A CHI? A docenti che hanno a che fare con l’adolescenza e non la riescono a capire, a studenti e studentesse dai 14 anni in su.

PERCHE’? Per osservare al microscopio l’incredibile metamorfosi fisica, psichica e culturale di un maschio americano medio e della sua famiglia durante un tempo di dieci anni di vita.

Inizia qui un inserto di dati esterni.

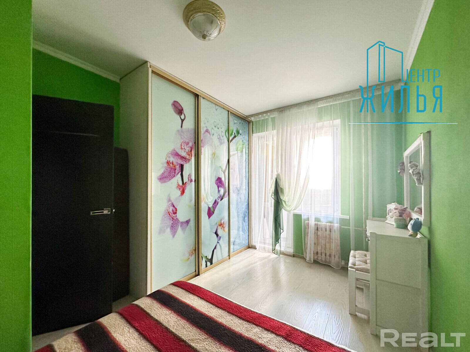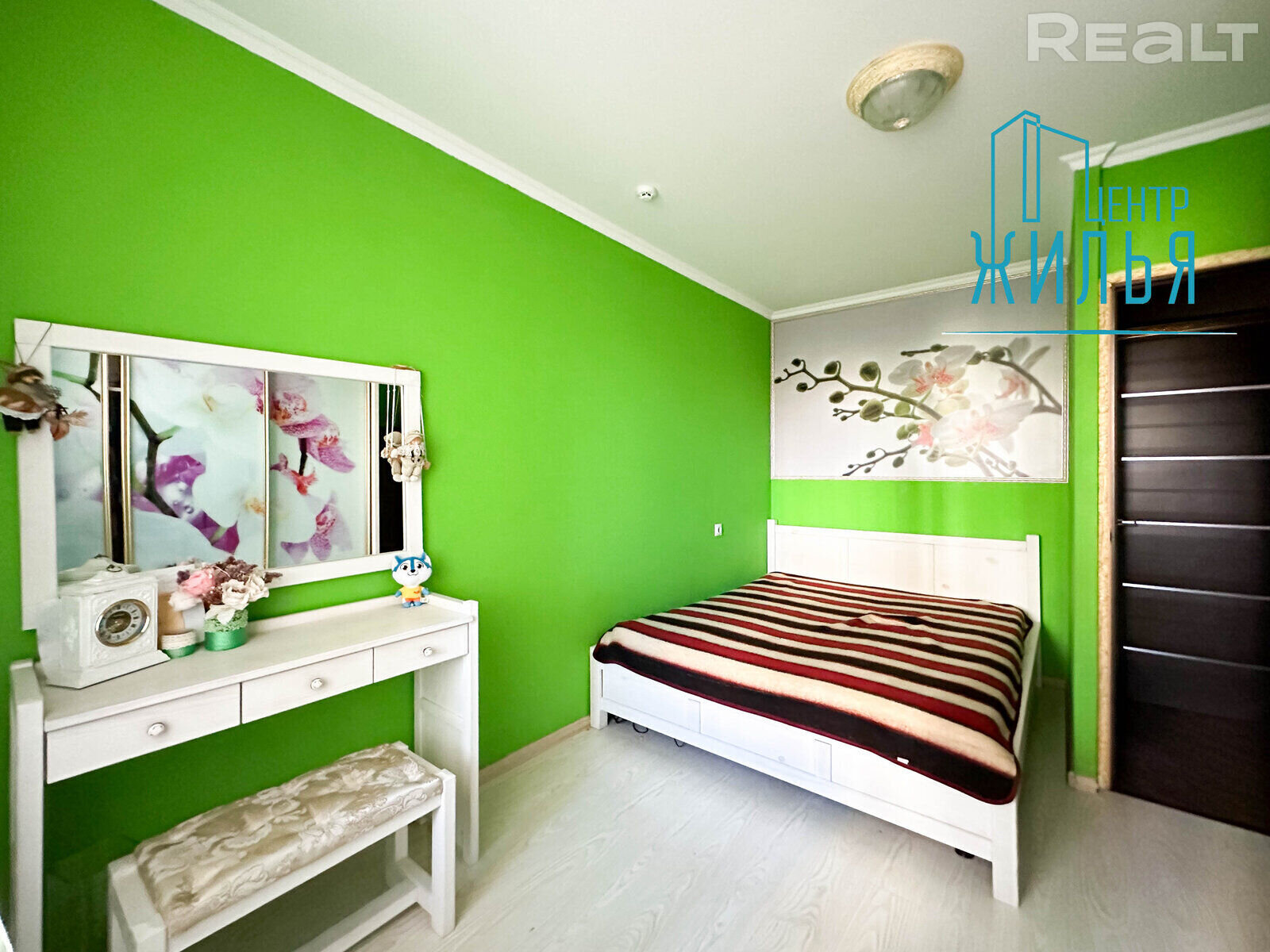 Кватэра прадаецца з усім змесцівам. Абяцаюць чысты пад’езд і добрых суседзяў. Дом размешчаны ў раёне з развітой інфраструктурай: вакол сетка крам і супермаркетаў, побач прыпынкі грамадскага транспарту, дзіцячыя садкі, школы, паліклініка. У двары дастатковая колькасць парковачных месцаў.

L’abilità americana di costruire le fila dell’esistenza e delle relazioni sulla precarietà più spinta ha molto da insegnare a noi in Italia.

IL FILM: La storia di Mason e della sua crescita dai 5 ai 18 anni viene messa in scena dallo stesso attore protagonista di cui vengono tracciati i cambiamenti dovuti agli effetti del tempo e delle esperienze. Accanto a lui la sorella, la madre, il padre sono tutti interpretati dagli stessi soggetti che evidentemente hanno preso con il regista un impegno a lungo termine, cosa rara. Ma questo non è un documentario, è una storia che fa fare al tempo il vero protagonista e che è di enorme interesse sociale e antropologico.

Siamo in una famiglia classicamente composta da un figlio, una figlia, una madre e un padre – divorziati. Le stonature e i successi dovuti a svariati eventi contribuiscono a definire l’interessante esperienza formativa del protagonista di cui osserviamo la “boyhood” – che significa periodo della fanciullezza di un ragazzo. E questo è il primo dato di rilievo: esiste nella lingua inglese un’attenzione al lungo periodo della giovinezza scandita secondo il genere maschile con un iter diversissimo da quello femminile che, infatti, ha per sé la parola “girlhood”; in italiano non c’è neanche l’ombra di questa distinzione terminologica. Così, dicevo, assistiamo alle paure e alle introversioni di un bambino che poi diventa un brufoloso ragazzetto che si scopre fotografo e per questa passione riuscirà ad andare via da casa, a soli diciotto anni. Nella precarietà delle relazioni genitoriali Mason trova comunque sempre l’appoggio di entrambi i genitori, nella precarietà lavorativa la madre perde il lavoro ma riesce a laurearsi e a diventare docente universitaria; nella precarietà economica i genitori insegnano presto al figlio a sbrigare le faccende di casa in modo che lavare i piatti e pulire i gabinetti sarà più facile quando vorrà guadagnare dei soldini mentre studia per la maturità. E quando si innamora non lo fa della solita biondina in minigonna, ma di una studiosa e non tanto bella ragazza più grande che lo mollerà per un altro. Insomma un film che apre lo sguardo, che insegna la capacità di tenere forti i legami nella marea di instabilità permanenti, che ci ricorda che l’autonomia esistenziale oltre che economica, per quanto precaria possa essere, è la sola cosa giusta. Molto bene. Enjoy it!

 

*La recensione è stata pubblicata sul blog www.raccontidiscuola.it

 

di Ivano di Matteo

I nostri ragazzi

Italia 2014,

Produzione: Rodeo Drive, Rai Cinema

Distribuzione: 01 Distribution

 

Chi sei?*

Attenzione a chi allevate, a chi cresce in casa con voi, a chi è vostro figlio, a chi è vostra figlia.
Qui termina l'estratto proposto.